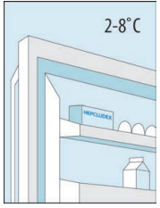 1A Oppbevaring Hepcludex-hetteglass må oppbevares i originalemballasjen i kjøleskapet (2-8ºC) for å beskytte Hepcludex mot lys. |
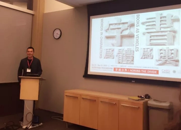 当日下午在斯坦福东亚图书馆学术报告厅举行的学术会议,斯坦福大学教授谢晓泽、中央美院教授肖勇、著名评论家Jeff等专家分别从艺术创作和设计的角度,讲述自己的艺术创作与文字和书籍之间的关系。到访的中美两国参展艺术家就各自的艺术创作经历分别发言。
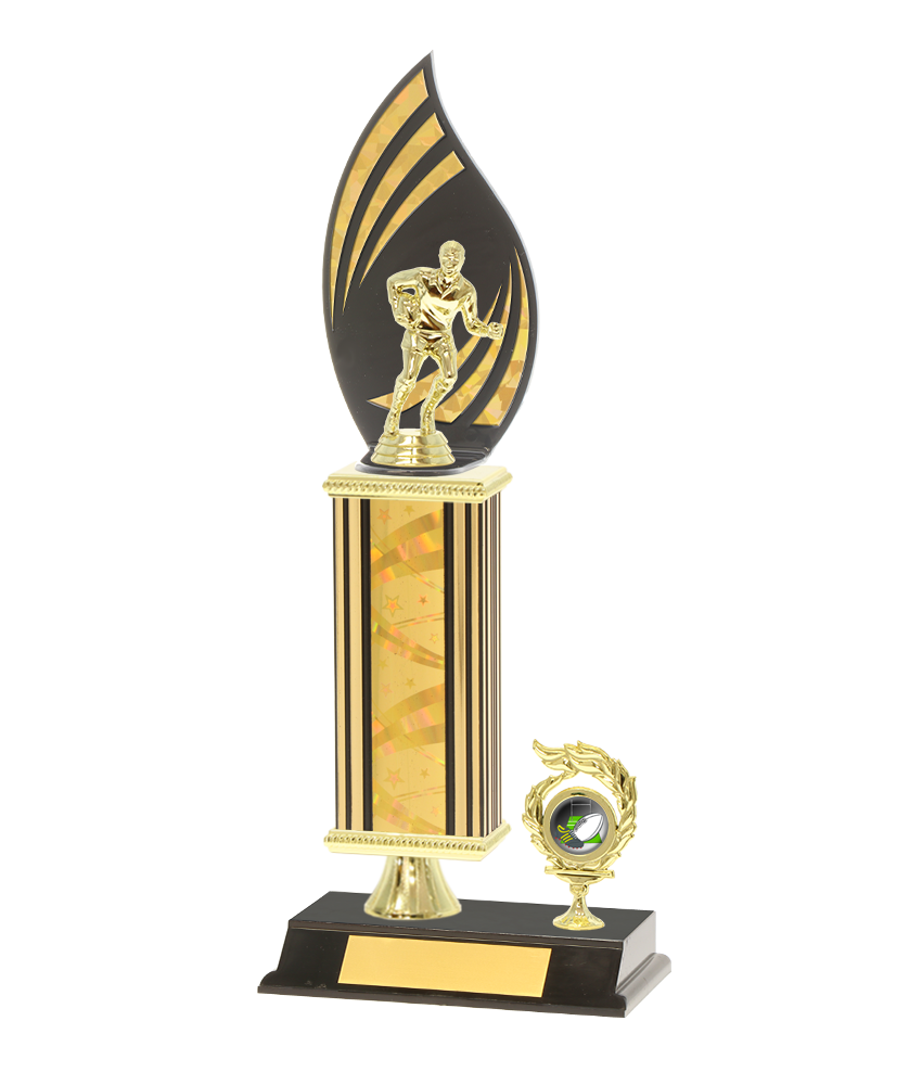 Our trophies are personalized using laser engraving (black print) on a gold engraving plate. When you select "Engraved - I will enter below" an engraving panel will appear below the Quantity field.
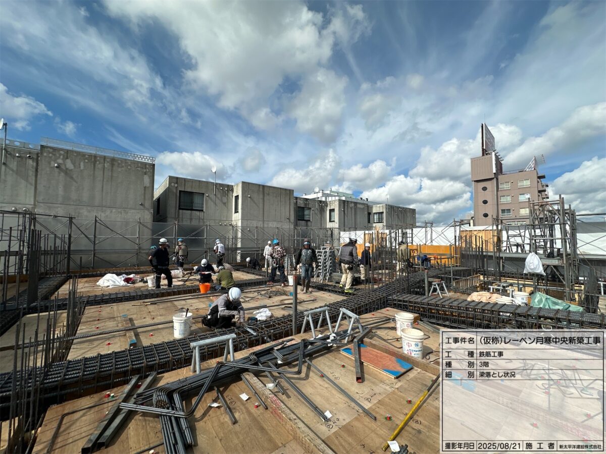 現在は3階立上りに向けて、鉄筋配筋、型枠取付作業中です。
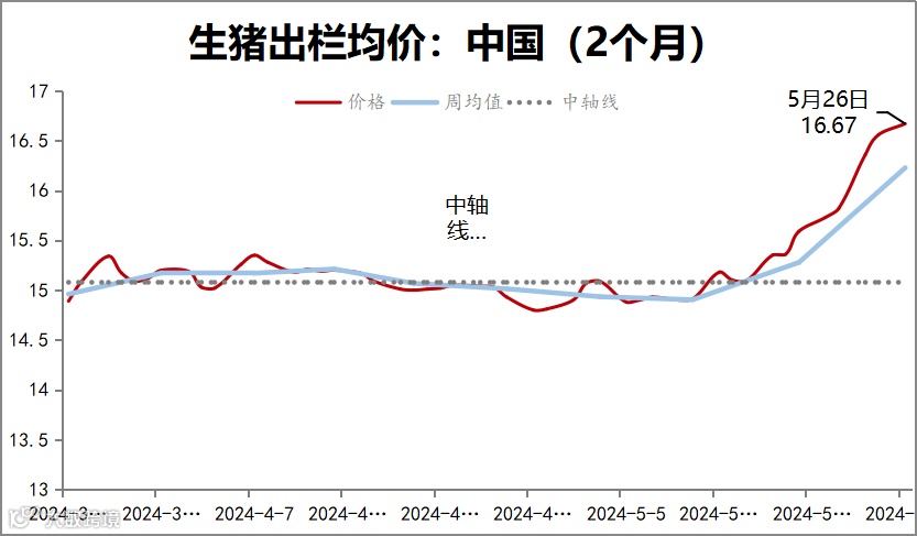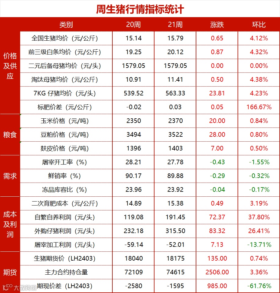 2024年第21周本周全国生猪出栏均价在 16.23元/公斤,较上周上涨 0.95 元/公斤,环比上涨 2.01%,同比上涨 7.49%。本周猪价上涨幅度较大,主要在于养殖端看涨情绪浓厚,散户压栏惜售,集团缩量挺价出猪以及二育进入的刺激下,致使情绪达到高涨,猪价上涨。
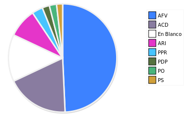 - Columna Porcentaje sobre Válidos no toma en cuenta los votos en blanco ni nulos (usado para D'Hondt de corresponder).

_____

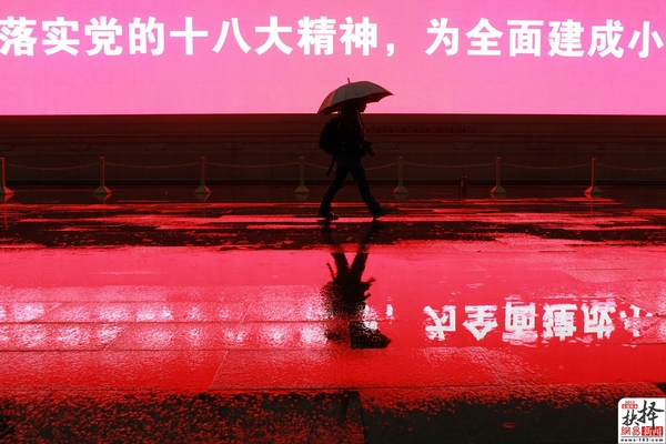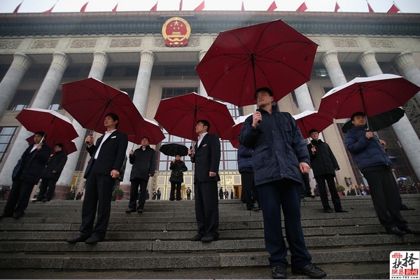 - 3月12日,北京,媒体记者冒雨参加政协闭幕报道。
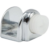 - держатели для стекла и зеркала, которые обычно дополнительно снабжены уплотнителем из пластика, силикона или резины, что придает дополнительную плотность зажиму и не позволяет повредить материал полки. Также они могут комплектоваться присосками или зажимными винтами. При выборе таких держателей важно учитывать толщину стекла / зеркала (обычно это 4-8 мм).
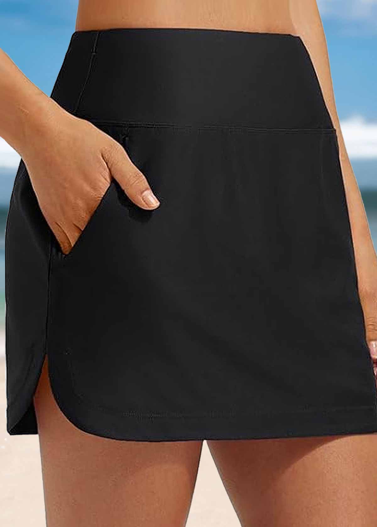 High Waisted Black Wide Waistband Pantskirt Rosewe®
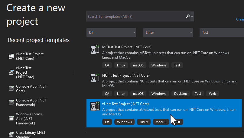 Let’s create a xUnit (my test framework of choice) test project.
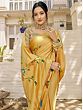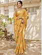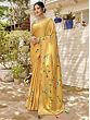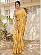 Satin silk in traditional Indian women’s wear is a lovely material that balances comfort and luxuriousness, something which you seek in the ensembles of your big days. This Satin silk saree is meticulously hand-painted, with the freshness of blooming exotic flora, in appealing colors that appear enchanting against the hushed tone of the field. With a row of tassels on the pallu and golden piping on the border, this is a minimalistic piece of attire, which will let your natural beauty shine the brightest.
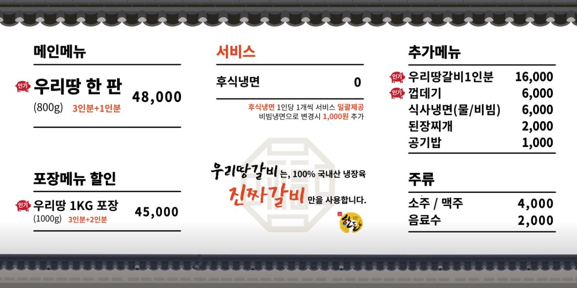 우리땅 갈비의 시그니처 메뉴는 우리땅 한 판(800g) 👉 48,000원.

_____

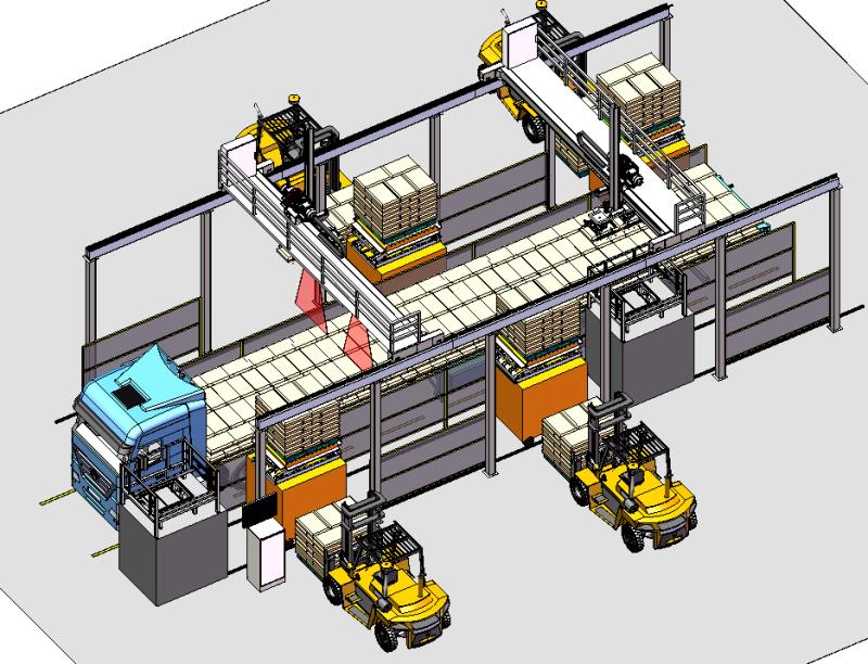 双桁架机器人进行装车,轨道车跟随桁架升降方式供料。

_____

◆ Problem requirements
With the pictures omitted, copy the entries above exactly from the line containing "当日下午在斯坦福东亚图书馆学" through the line containing "- Columna Porcentaje", both lines included.

◆ Response below
 当日下午在斯坦福东亚图书馆学术报告厅举行的学术会议,斯坦福大学教授谢晓泽、中央美院教授肖勇、著名评论家Jeff等专家分别从艺术创作和设计的角度,讲述自己的艺术创作与文字和书籍之间的关系。到访的中美两国参展艺术家就各自的艺术创作经历分别发言。
 Our trophies are personalized using laser engraving (black print) on a gold engraving plate. When you select "Engraved - I will enter below" an engraving panel will appear below the Quantity field.
 現在は3階立上りに向けて、鉄筋配筋、型枠取付作業中です。
 2024年第21周本周全国生猪出栏均价在 16.23元/公斤,较上周上涨 0.95 元/公斤,环比上涨 2.01%,同比上涨 7.49%。本周猪价上涨幅度较大,主要在于养殖端看涨情绪浓厚,散户压栏惜售,集团缩量挺价出猪以及二育进入的刺激下,致使情绪达到高涨,猪价上涨。
 - Columna Porcentaje sobre Válidos no toma en cuenta los votos en blanco ni nulos (usado para D'Hondt de corresponder).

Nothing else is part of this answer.